Page 1 of 1 (19 items)
This post has 18 Replies | 2 Followers

Posts 1934
Forum MVP
Reuben Helmuth | Forum Activity | Posted: Thu, Apr 16 2015 10:47 AM

It seems that the Pashta's are consistently tagged as Qadma (see screen shot (which also shows the problem of the Mahpakh not showing up)).

I'm not sure why this would be because the shape is the same, the two are separate Unicode characters...

HEBREW ACCENT QADMA Unicode: U+05A8, UTF-8: D6 A8 ֙ HEBREW ACCENT PASHTA Unicode: U+0599, UTF-8: D6 99
Posts 1934
Forum MVP
Reuben Helmuth | Forum Activity | Replied: Fri, Apr 17 2015 3:35 AM

Eli or Bradley,

Could one of you verify this bug?

Thanks!

Posts 776
Lew Worthington | Forum Activity | Replied: Fri, Apr 17 2015 4:37 AM

Indeed. I'm not at my PC, but is it this way throughout?

Reuben_BT:

the two are separate Unicode characters

I had no idea.

Posts 791
LogosEmployee
Eli Evans (Faithlife) | Forum Activity | Replied: Fri, Apr 17 2015 5:36 AM

I had to do a little research, but I'll confirm: It's a bug.

Turns out, there are two Unicode characters, but none of our encoded Hebrew texts uses them both. (U+0599 appears, but U+05A8 does not.) This goes all the way back to the 70's when the texts were first keyed in.

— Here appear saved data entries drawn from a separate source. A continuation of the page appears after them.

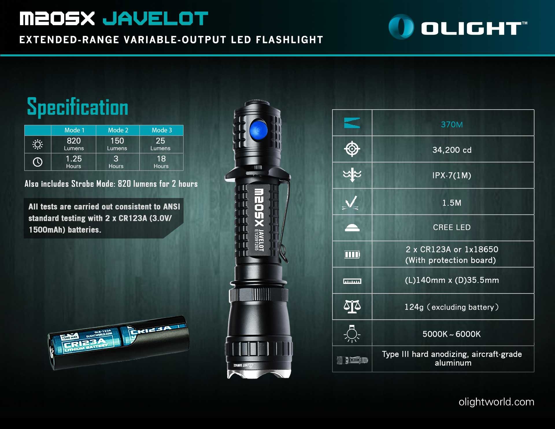 У нас на подходе новая версия фонаря Olight M20SX Javelot 820lm , дальностью до 370 метров. Модель фонаря Olight M20 производиться уже 7 лет и считается самой популярной моделью фонарей Olight. В новой версии фонаря Olight M20SX Javelot изменения претерпел светодиод, со светодиода убрали оптическую линзу что избавила фонарь от боковой засветки. У фонаря появился более мощный светодиод и сфокусированный луч который бьёт на дальность. Как обычно фонарь можно использовать под водой и над водой. Цену озвучу после того как заберу фонари с таможни.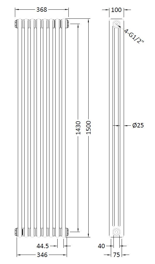 Synergy Vital 1500mm x 368mm White Vertical Triple Column Traditional Radiator
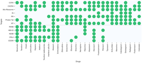 To explore the potential multiple targets of the known HIV-1/HBV drugs, a DMPNN + GBDT prediction model based on the 12 key targets related to HIV-1 and HBV was used to predict potential multiple bioactivities among them for the approved 22 HIV-1 drugs (abacavir, emtricitabine, lamivudine, viread (TDF), zidovudine, doravirine, efavirenz, etravirine, nevirapine, rilpivirine, atazanavir, darunavir, fosamprenavir, ritonavir, tipranavir, enfuvirtide, maraviroc, catotegravir, dolutegravir, raltegravir, fostemasavir, cobicistat) and 8 HBV drugs (baraclude, tenofovir, viread, lamivudine, hepsera, adefovir, tenofovir alafenomide (TAF), peginterferon alfa-2b). Figure 7 shows the multitarget distribution of these drugs, identified by our ensemble model. To verify the prediction results, the predicted targets were analysed using the PubChem BioAssay database [36], eight approved drugs and the corresponding experimental records are shown in Table 2.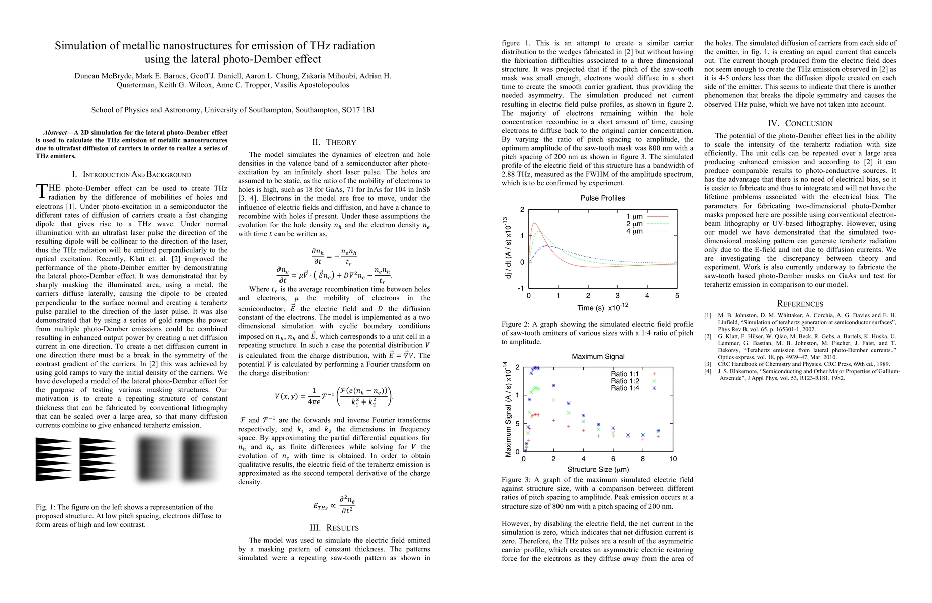 A 2D simulation for the lateral photo-Dember effect is used to calculate the THz emission of metallic nanostructures due to ultrafast diffusion of carriers in order to realize a series of THz emitters.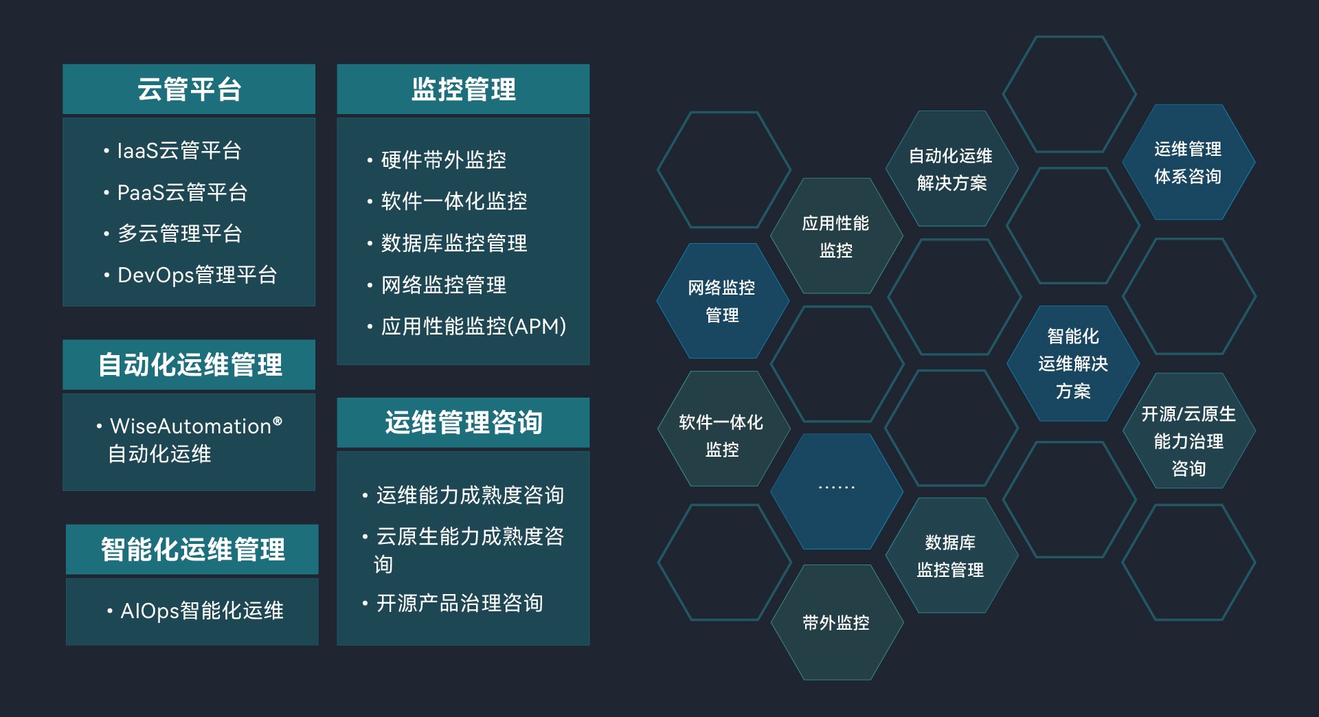 星空·体育(xingkong.com)官方网站 在运维管理产品领域提供硬件、软件监控、自动化运维、智能化运维和安全管理等产品解决方案,帮助客户实现对基础设施、应用程序和服务的全方位监控、反馈和管理。同时,星空·体育(xingkong.com)官方网站 在运维支撑平台领域提供云、大数据和智能平台中台解决方案,为客户打造基础设施管理平台,确保客户在各类运维需求下,都能够得到充分的支撑和保障。
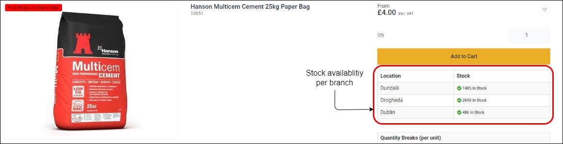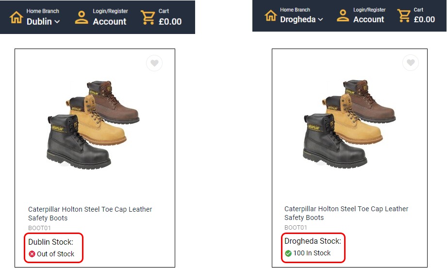 On the product listing page, your customer selects their branch, and the product listings display stock available for that branch.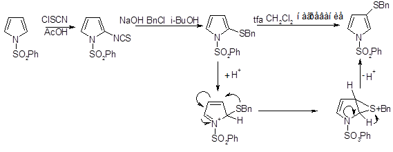 Катализируемая кислотой перегруппировка производных пиррола, содержащих серосодержащий заместитель в α-положении (продукт кинетически контролируемого электрофильного замещения), позволяет получать соответствующие β-изомеры.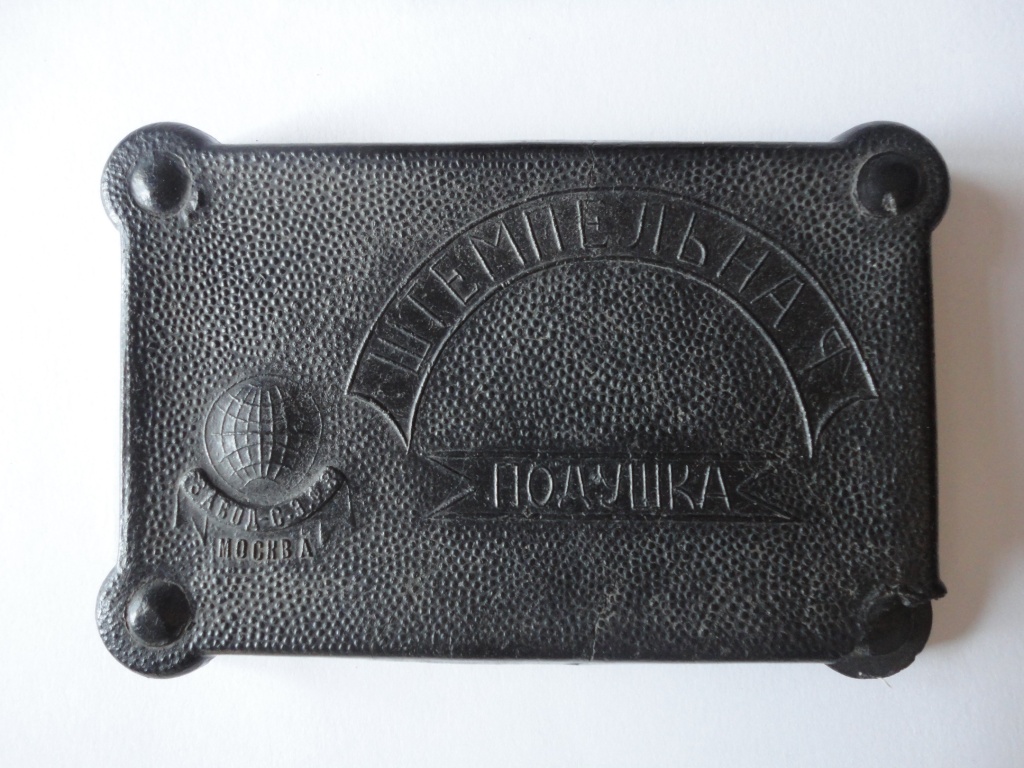 Штемпельная подушка представляет из себя футляр из черной пластмассы размером 13х8,5 см. Куплена была в 1936 году. Крышка фигурная, на ней надпись «Штемпельная подушка», вытеснен глобус и под ним надпись «Завод СЗУЗ. Москва».

So the cantillation tool must use a heuristic to differentiate them. After some (re-)reading, I understand that Pashta is always on the last consonant, and Qadma is placed elsewhere. Where the stressed syllable is not the last consonant but Pashta is required, the mark is doubled, appearing once on the stressed syllable and again on the final consonant to definitely indicate Pashta. (Please correct me if that understanding is wrong. We used Helmut Richter's website as a primary reference, and it is very confusing on this point.)

We are correctly recognizing Pashta on words where the mark is doubled (eg, Isaiah 2:3), but failing when it is a single mark placed on the last consonant (eg, Isaiah 1:11). Half right is also half wrong.

I'll get this filed as a bug. Thank you very much for your attention to detail!

Posts 1934
Forum MVP
Reuben Helmuth | Forum Activity | Replied: Fri, Apr 17 2015 6:26 AM

Eli Evans:
I had to do a little research, but I'll confirm: It's a bug.

Thanks!

Eli Evans:
there are two Unicode characters, but none of our encoded Hebrew texts uses them both.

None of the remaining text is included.